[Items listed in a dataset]
-.-.-

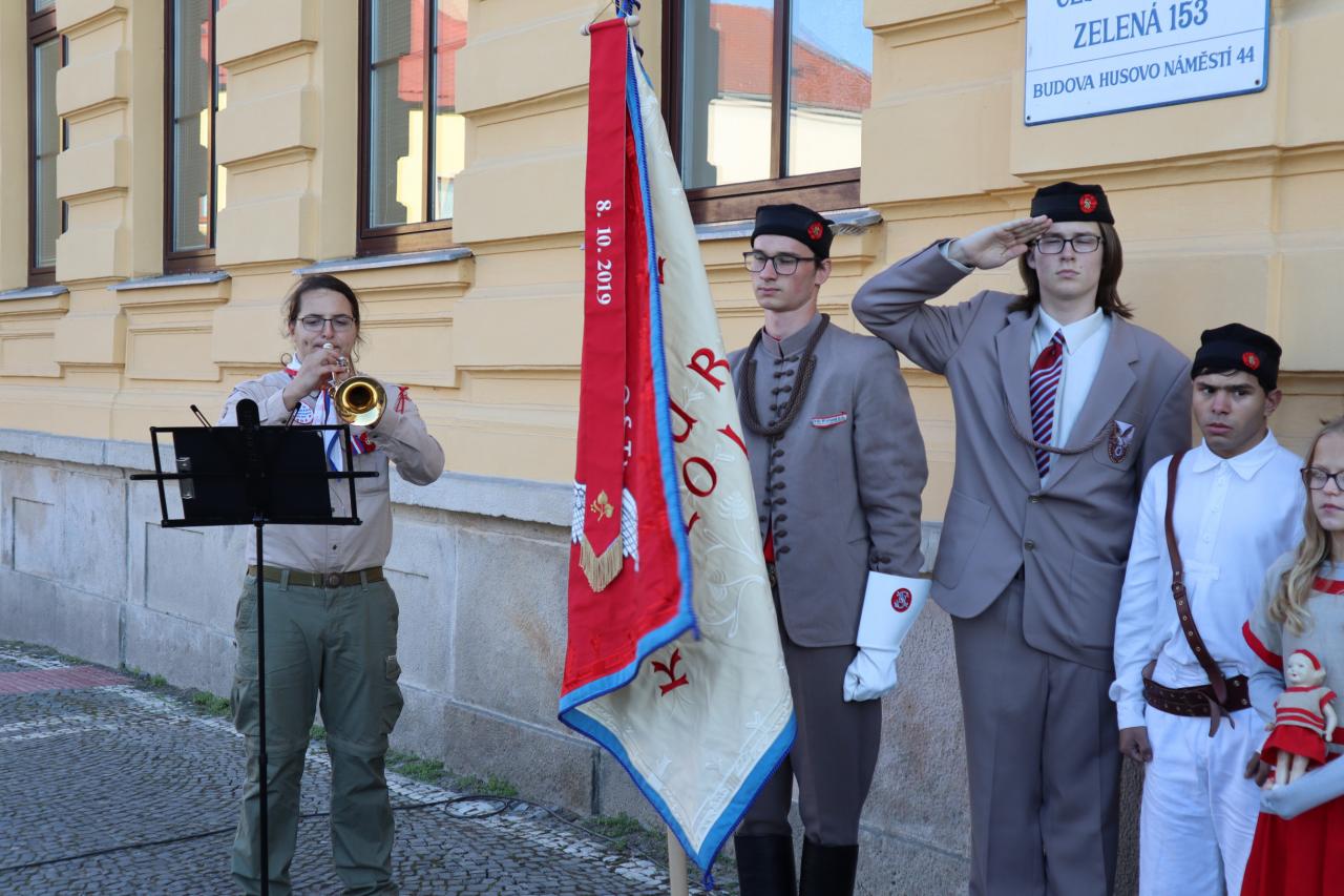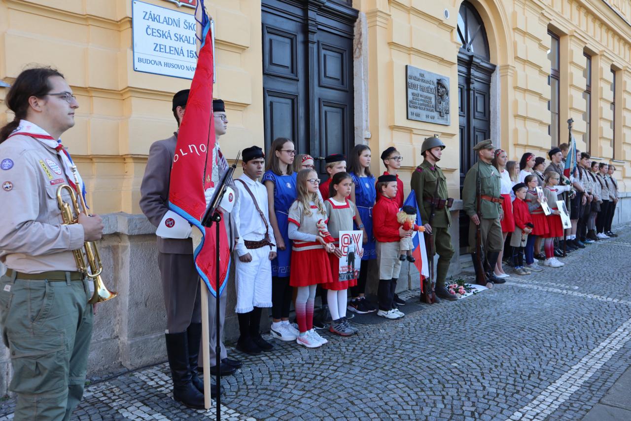 Starosta TJ Sokol bratr Vladimír Fischer připomněl význam Dne sokolstva, položil květiny k pomníčku českoskalických sokolů, kteří zahynuli během druhé světové války, děti dostaly balónky s logem Sokola a společně pak všichni odešli k řece Úpě. Zde děti pouštěly lodičky se svíčkami a světýlka plující po řece připomínala osud sokolských hrdinů, kteří položili život za naši svobodu.
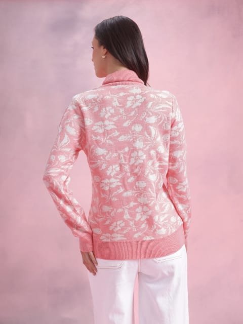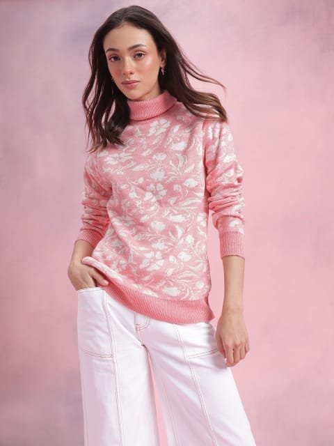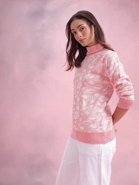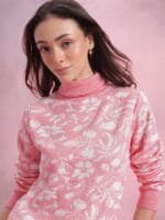 Pink self design pullover ,has a turtle neck, long sleeves, ribbed hem
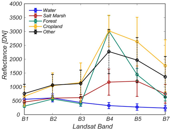 where pi is the proportion associated to the study question. We fix pi to 0.9 for the forest class, assuming that the forest class has an accuracy of 90%, and that only 10% of the forest area is misclassified. Since open water, urban areas, and marshes have a very different spectral signatures compared to forest, while the cropland spectral signature is similar (Figure 3), we assign the remaining 0.1 to the cropland class only, assigning 0 to water, urban areas, and salt marshes. The target standard error of the estimated overall accuracy S(P) is fixed at 0.003, which is in the typical range 0.003–0.005 proposed by Olofsson [33]. We thus obtained a n = 349.16 which we approximate to 330 units (Landsat pixels). This sample size ensures that each stratum has at least 50 samples (Table 2). We assigned more samples to the forest and cropland classes, which cover large parts of the Delmarva Peninsula.
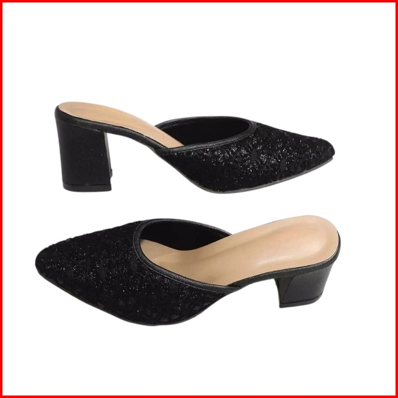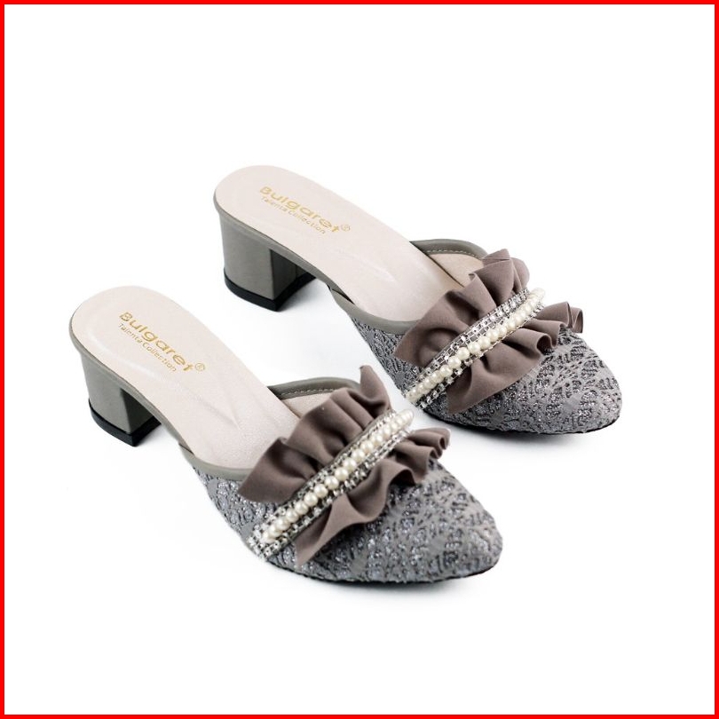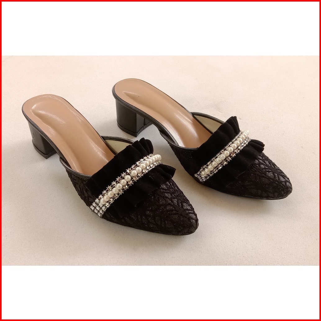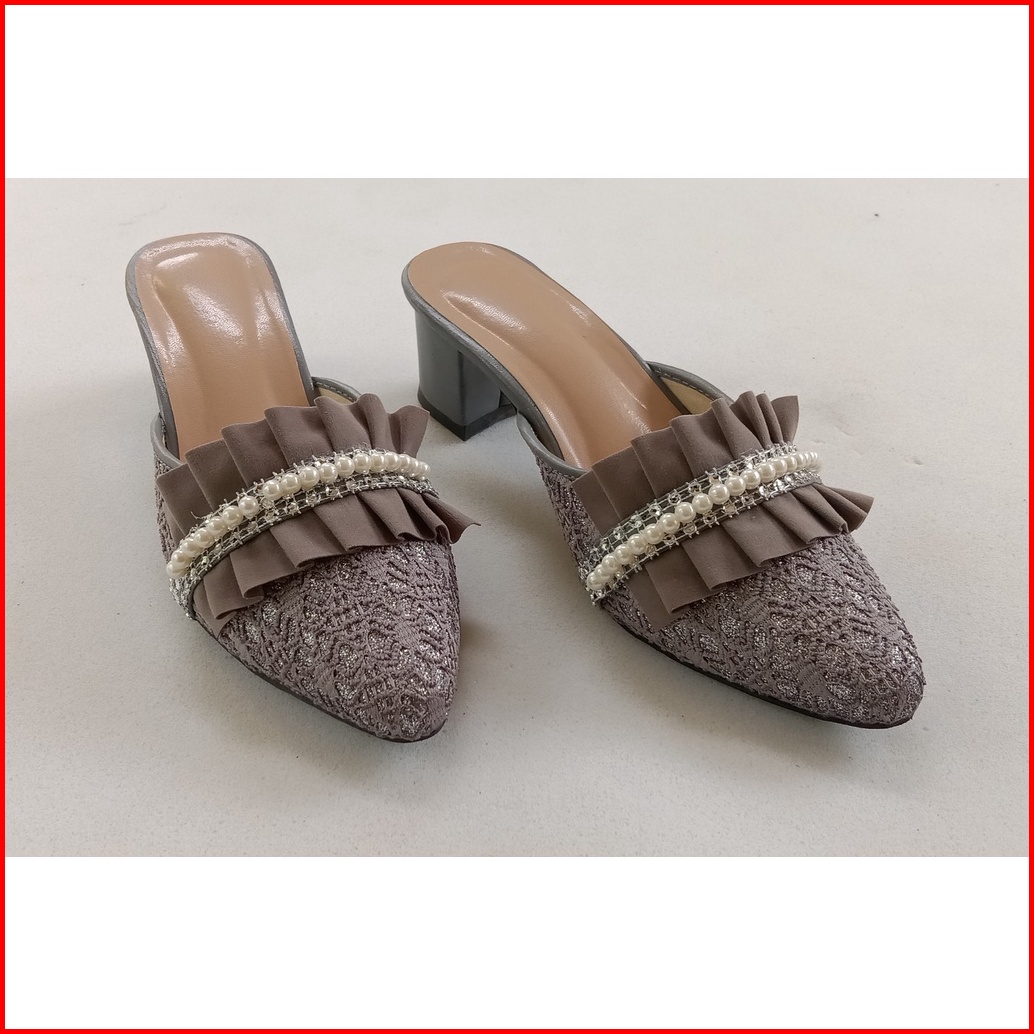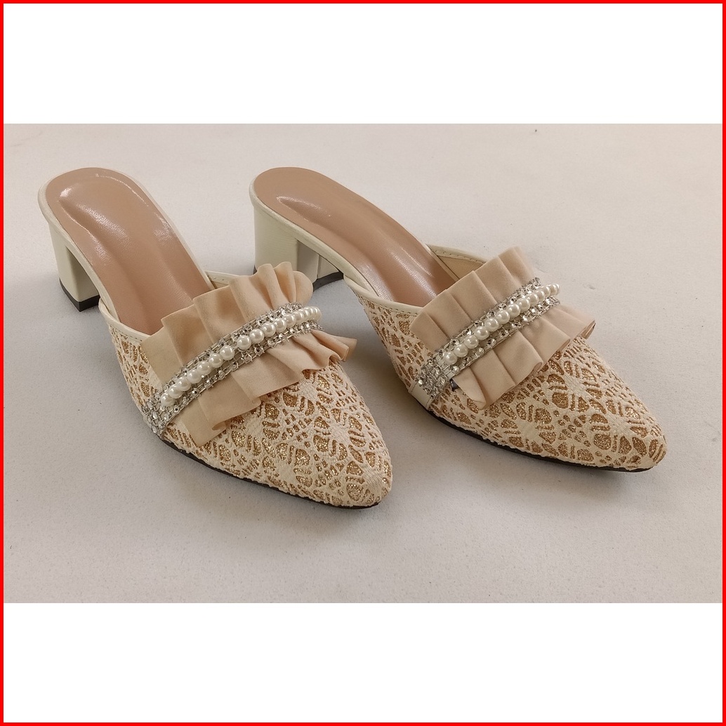 Sepatu Pesta Wanita Brukat Mutiara Hak 5cm Mewah
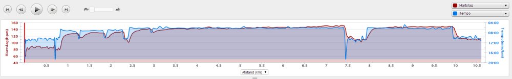 Maar na 5 km stop ik toch even met de bedoeling om dan maar 2 laps van 5.000 mtr te lopen om toch aan de afstand te komen die voor vandaag was opgegeven. Na 500 meter starten we weer en dat gaat ook prima. Ik loop ongeveer net zo snel als in de eerste lap en met een fraaie hartslag. Volgens mij is dit dus ook verbeterd want ik vind 6.12 min/km op deze hartslag keurig en het is totaal niet vermoeiend. Blijkbaar schuif ik toch weer langzaam richting de 6 min/km. Maar als ik aan het einde van de roeibaan kom, vind ik dat woeffie er ongelukkig uitziet en besluit ik te stoppen. Zij kan immers zelf niet aangeven wat ze wil of wat er is.

-.-.-

Which lines run from the one containing "Pink self design" through the last line of the entries above? Output them exactly, both ends included, with no pictures.

 Pink self design pullover ,has a turtle neck, long sleeves, ribbed hem
 where pi is the proportion associated to the study question. We fix pi to 0.9 for the forest class, assuming that the forest class has an accuracy of 90%, and that only 10% of the forest area is misclassified. Since open water, urban areas, and marshes have a very different spectral signatures compared to forest, while the cropland spectral signature is similar (Figure 3), we assign the remaining 0.1 to the cropland class only, assigning 0 to water, urban areas, and salt marshes. The target standard error of the estimated overall accuracy S(P) is fixed at 0.003, which is in the typical range 0.003–0.005 proposed by Olofsson [33]. We thus obtained a n = 349.16 which we approximate to 330 units (Landsat pixels). This sample size ensures that each stratum has at least 50 samples (Table 2). We assigned more samples to the forest and cropland classes, which cover large parts of the Delmarva Peninsula.
 Sepatu Pesta Wanita Brukat Mutiara Hak 5cm Mewah
 Maar na 5 km stop ik toch even met de bedoeling om dan maar 2 laps van 5.000 mtr te lopen om toch aan de afstand te komen die voor vandaag was opgegeven. Na 500 meter starten we weer en dat gaat ook prima. Ik loop ongeveer net zo snel als in de eerste lap en met een fraaie hartslag. Volgens mij is dit dus ook verbeterd want ik vind 6.12 min/km op deze hartslag keurig en het is totaal niet vermoeiend. Blijkbaar schuif ik toch weer langzaam richting de 6 min/km. Maar als ik aan het einde van de roeibaan kom, vind ik dat woeffie er ongelukkig uitziet en besluit ik te stoppen. Zij kan immers zelf niet aangeven wat ze wil of wat er is.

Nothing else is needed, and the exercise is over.